約2年越しで、我が家に私の分と妻の分、2台のiPhone4が遂にやってきました・・・。

技術的・機能的な面の解説はその筋の方々がやって下さっているので、私が言葉を重ねる必要もないでしょう。小飼弾さんのレビューが私の感じたポイントとほぼ重なるので、ご覧頂くといいと思います。
まず何をおいても「画面が綺麗」というのはいいことです。音楽家がポータブルオーディオやその出力口のヘッドホンにも良い音質を求めるように、情報が勝負のビジネスパーソンが文字・ビジュアル情報を収集する画面の質にこだわるのは、当然に追求すべきことではないでしょうか。
2つめに、「常に持ち歩くモノとしての品質の高さ」があります。現金一括で購入すると6万程度の製品なわけですが、このiPhone4には、その金額以上のゴージャスな雰囲気があります。孫社長の評「宝石の様」は言い過ぎとしても、宝石の手前のオメガの時計の文字盤にぐらいの深みはあります。ビジネスにおいてもプライベートにおいても、人前で使うツールとして安っぽいケータイと高級感のあるスマートフォンのどちらを取り出したいかと問われれば、高級感のある方がいいに決まっていますから。

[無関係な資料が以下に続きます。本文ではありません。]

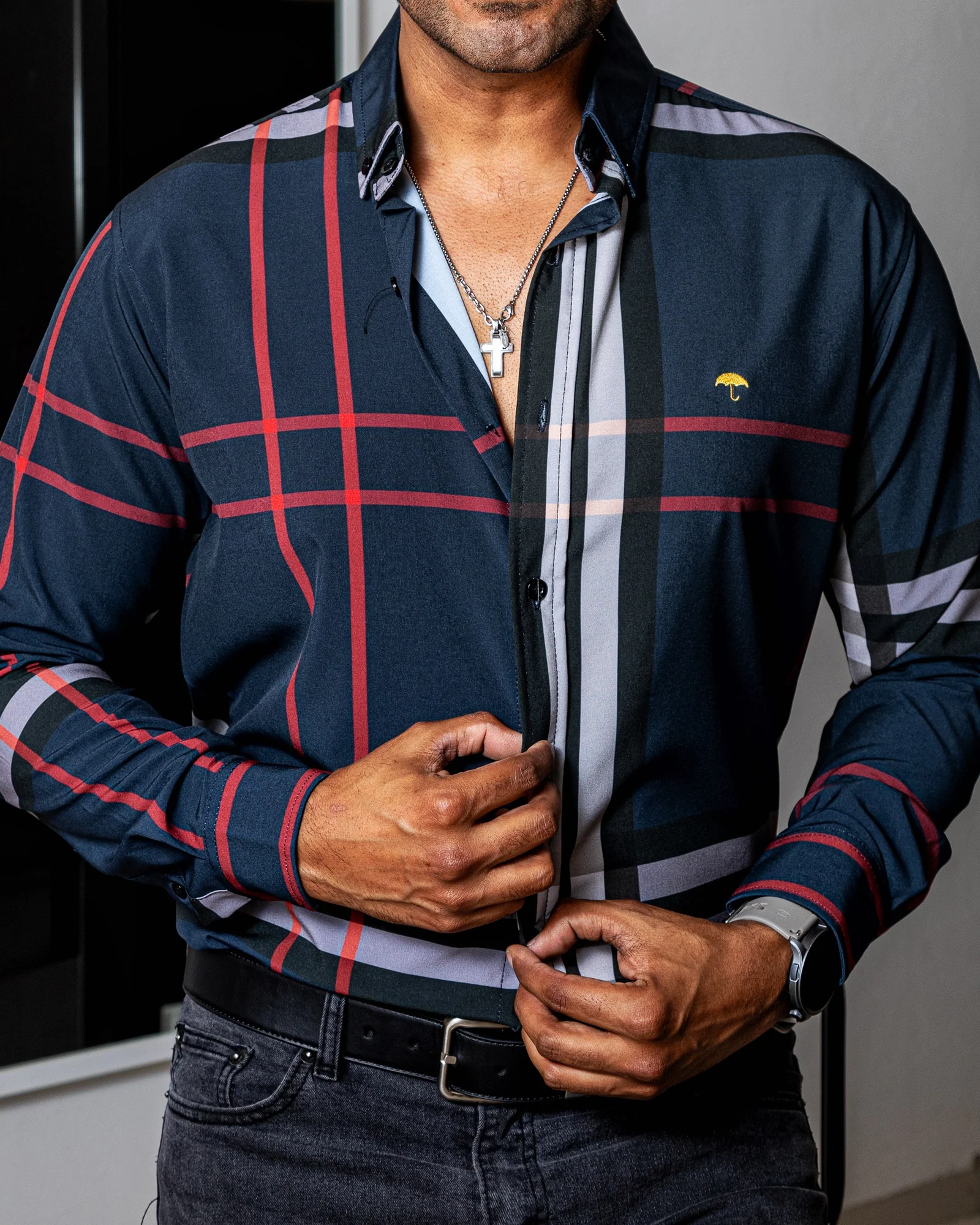 CAMISA CASUAL HOMBRE SLIM, AZUL LÍNEAS ROJA, NEGRA Y GRIS

3つめが、これが決定的なポイントだと私は思っていますが、あまりにも評価されていない“FaceTime”。ジョブスがiPhone4のプレゼンテーションの最後の隠しネタ“One more thing...”にこのFaceTimeを持ってきたのは、Appleがテレコミュニケーションを次のステージへと引き上げるんだ、という自信と誇りの現れに違いありません。ほとんどの方がまだその価値に気づいていない段階ですが、このiPhone4で実現されたFaceTimeを実際に2台のiPhone4で使ってみて、妻との心温まる時間を体験し、コミュニケーションツールがまた新たなステージに入ったことを再確認したのです。
私は、iPadが設計上はインカメラ(対面カメラ)搭載を予定しながら結局見送ったのはなぜだろうとずっと思っていました(だからこそ私も初代iPad購入は見送ったという経緯あり)。今後、このFaceTime普及のためにも次世代iPadにはインカメラが必ず搭載されるはずです。しかし、iPhone4にはあってiPadにはなし得ない点があったからこそ、iPadでは見送ったのだと、実際に使ってみて気付かされました。
それは、インカメラだけでなく自分が見ているモノ・出来事・風景を写すアウトカメラが装備されているという点。今回FaceTimeを使ってみて、インカメラとアウトカメラをシームレスに切り替えられるFaceTimeとiPhone4のコンビネーションのすばらしさを体験し、ようやく理解できました。基本はインカメラに映る表情で自分の“感情”を相手に伝えながらも、その感情が生まれた原因=“自分が目にしているモノ・出来事・風景”を、アウトカメラに切り替えて相手とリアルに共有できるところが新しいのです。これがまさに、スレートPCという構造上アウトカメラ搭載が見込めない次世代iPadでは実現しえないコミュニケーションのスタイルであり、「FaceTime向きなツール」としてのiPhone4の真骨頂なのだと。初代iPadでインカメラ搭載を見送ったのは、アウトカメラ無しではFaceTimeの価値が中途半端にしか伝わらない、と判断したからに違いありません。

このようなすばらしいFaceTimeというコミュニケーションのコンセプトを、オープン規格にして広めようと戦略的に動き始めているのがAppleという会社でありスティーブ・ジョブス。Andoroid陣営と比較してその囲い込もうとするビジネスモデルを批判する向きも多い中、誰も気づいていない・理解しない・ついてこないコンセプトに会社のリスクをかけて先行チャレンジし、道を切り拓くAppleとスティーブ・ジョブスに、敬意を表したいと思います。